So you affirm the concept of regeneration but would prefer for it to be called something other than regeneration?

Kevin wrote:
Spiritual death is actually separation from God. Therefore, spiritual life would be full and complete union with God, as opposed to just a restoration of some ability to understand.
Again, let me use Lazarus resurrection as an example. Christ command to him to come forth was the power that stopped and reversed the natural process of decay. He came to life inside the tomb. BUT, his union with Christ, his sisters, and the living community was not complete UNTIL he exited the tomb. It was not enough for him to be alive in the tomb, the tomb is for the dead, not for the living. He had to DO something AFTER he returned to life - exit the tomb.

Kevin wrote:
Are Calvinists defining the "initial act of God" as regeneration=restoration-of-ability instead of regeneration=gaining-of-spiritual-life?
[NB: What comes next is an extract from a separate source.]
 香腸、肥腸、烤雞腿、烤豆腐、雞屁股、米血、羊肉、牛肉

If regeneration is being accomplished by God to counter the effects of man's "natural state," that is, being dead in sins, then it would have to mean more than just an initial restoration of ability.
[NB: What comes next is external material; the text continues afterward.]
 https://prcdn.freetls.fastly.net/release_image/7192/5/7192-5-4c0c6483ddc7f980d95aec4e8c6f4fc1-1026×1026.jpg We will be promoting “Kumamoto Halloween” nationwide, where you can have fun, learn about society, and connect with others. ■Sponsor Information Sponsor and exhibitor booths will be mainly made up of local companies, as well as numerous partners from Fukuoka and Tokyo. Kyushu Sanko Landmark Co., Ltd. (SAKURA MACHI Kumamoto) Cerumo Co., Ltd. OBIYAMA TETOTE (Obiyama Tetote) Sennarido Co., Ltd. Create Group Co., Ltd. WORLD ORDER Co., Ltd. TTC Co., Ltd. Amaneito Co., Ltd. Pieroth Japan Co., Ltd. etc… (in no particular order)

I think it includes both! Man is spiritually dead. God gives him spiritual life. His eyes and ears are open, and he embraces the One who has given him the life. The complete process is salvation.

Kevin wrote:
...the process of planting and watering must be taking place in the life of an unregenerate person without any act of God accompanying it, right?
No. God is actively engaged in all aspects of the salvation of the elect. Everything that involves salvation is instigated by and sourced from God.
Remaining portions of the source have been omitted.